Alumni stories: Solving society's problems, statistically speaking

The Master of Biostatistics has helped alumni Cattram Nguyen and Mathew Spittal carve out careers quantifying the impact of vaccines on disease, and health practitioner misconduct.

Associate Professor Matthew Spittal
Australian Research Council Future Fellow,
Melbourne School of Population and Global Health

Matthew Spittal
(Master of Biostatistics, 2012) has a longstanding interest in improving health and preventing injury through behaviour change. His research links behavioural research, biostatistics and epidemiology. Matthew's research program focuses on finding ways of improving how we regulate health practitioners with the goal of reducing patient harm.

What would you say you got the most out of during your time in the Master of Biostatistics at Melbourne? Learning how to think mathematically about a problem. By that I mean, listening to people about the problems they are trying to solve, and figuring out how to turn that into a testable hypothesis that can be evaluated with statistical methods.

Tell us what you love about what you are doing now, and why it’s important. I’m leading a research program that is trying to identify health practitioners who are at high risk of accruing multiple misconduct allegations. This is important because we want to reduce the many adverse events that happen to patients in the health care system. We use modern statistical methods to do this research. In fact, attempts to do this in the early 1990s largely failed, and partly this is because the statistical methodology hadn’t yet become mainstream.

What challenges in your field fire you up? When I meet with policy-makers and regulators, I find they always have important problems that they are trying to solve and they have collected really good data too. But what they need is someone to bring these two things together. I find that really exciting and the process of doing that can be really illuminating for everyone.

For instance, in one of the early studies we did in this area, we showed that 3 per cent of doctors accounted for nearly 50 per cent  of patient complaints, and we found that there were clear differences between doctors with no complaints and doctors with many complaints. This is really useful if we want to start thinking prospectively about remediation.

Cattram Nguyen
Biostatistician (Senior Research Fellow)
Clinical Epidemiology & Biostatistics Unit, New Vaccines 
Murdoch Children's Research Institute

During her Masters, Cattram spent several periods abroad, including internships at the World Health Organisation and the Research and Training Centre for Community Development in Vietnam. She returned to Australia in 2011 and commenced a PhD, which focused on multiple imputation, a statistical method for handling missing data.

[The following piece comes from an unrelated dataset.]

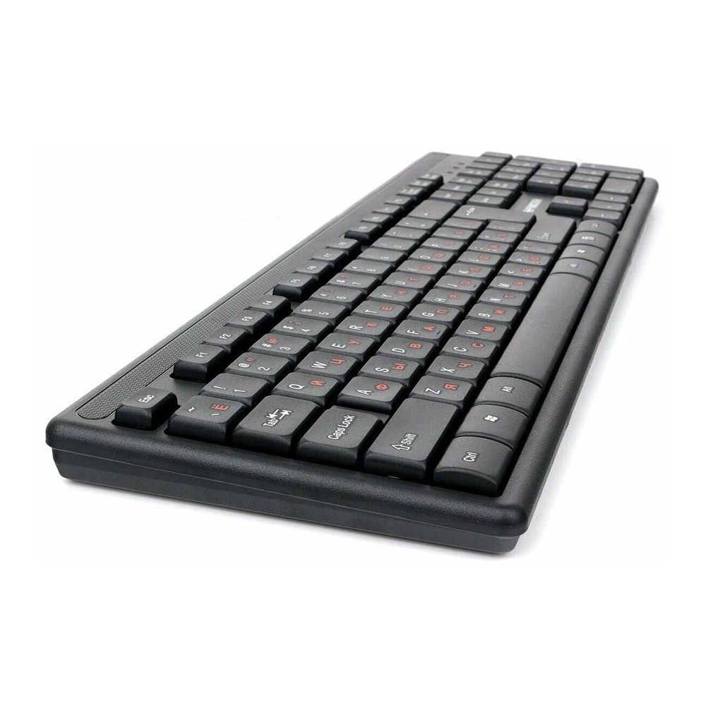 Клавиатура имеет стандартную раскладку с цифровым блоком и подходит для выполнения повседневных задач.
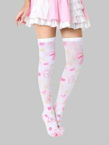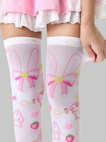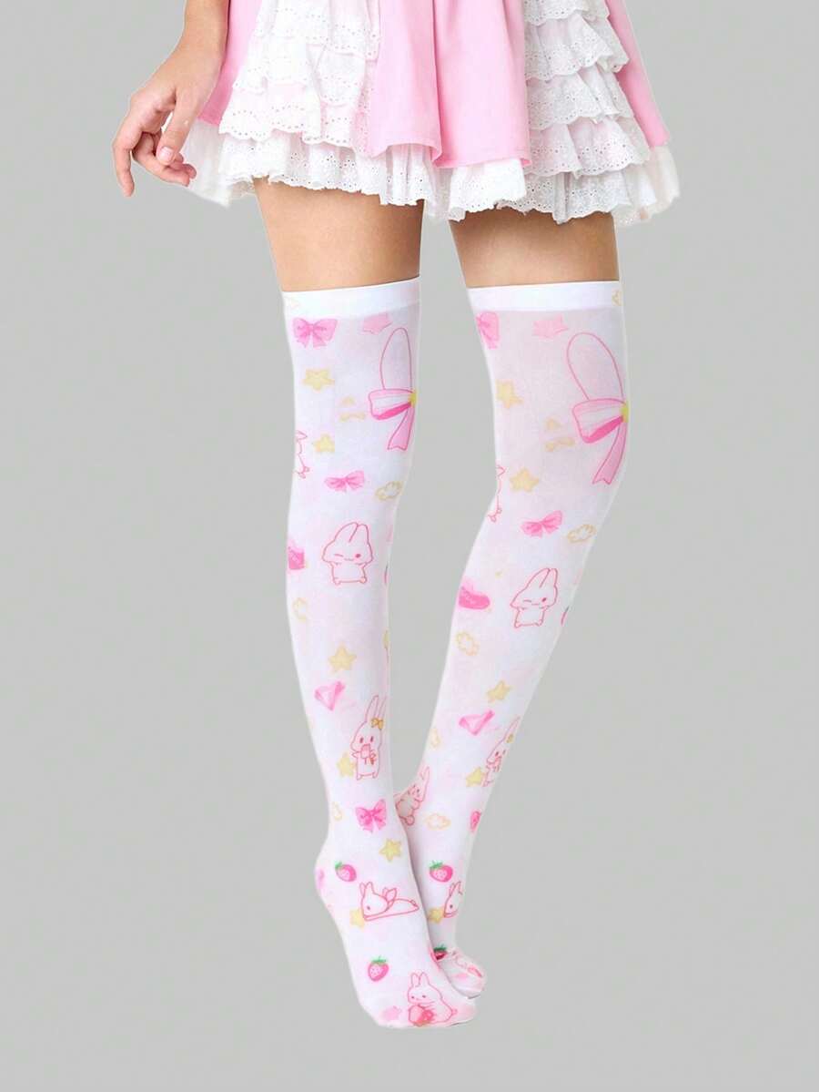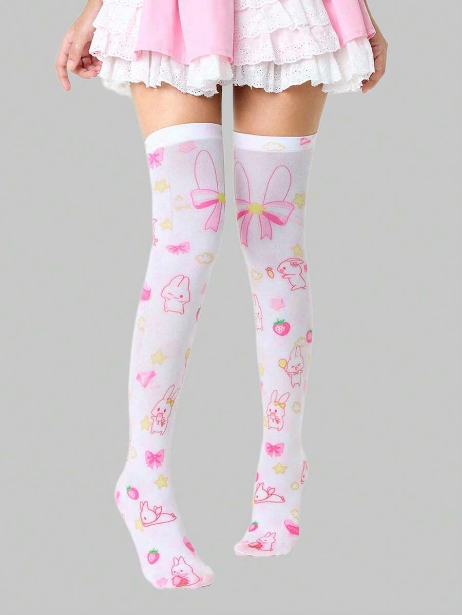 Anime 1 Pair Cute Cartoon Pattern Over-The-Knee Socks, Sweet School Style Bow, Rabbit, Strawberry, Star Element JK Thigh High Socks, Super Thin Elastic Sheer Tights

Prior to joining MCRI, Cattram worked at the Centre for Biostatistics and Clinical Trials at the Peter MacCallum Cancer Centre, where she coordinated seven multi-centre cancer clinical trials at various stages of development and conduct.

What would you say you got the most out of during your time in the Master of Biostatistics at Melbourne?
The Masters program gave me a foundation in biostatistics that has been essential to my applied work in health research, as well as the research I do in statistical methodology. It also gave me practical and versatile skills that I can apply to many different areas, which is invaluable, given the increasing need for expertise in handling data

Tell us what you love about what you are doing now, and why it’s important.
I am working as a biostatistician in child health research. What I love about my role is that I get to work with passionate researchers, such as clinicians, epidemiologists, laboratory scientists, and other statisticians, on important questions that will make a difference to health policy and practice.

What makes you passionate about statistics and what are the challenges you are working on or intellectually curious about? Many of my statistical interests arise from the challenges that I encounter in my day-to-day work. For example, my colleagues and I are working on studies that investigate the impact of vaccines on disease as they are rolled out in countries in the Asia-Pacific. There are many statistical issues that we need to deal with – such as confounding, selection bias, missing data – which means my work is always challenging and interesting.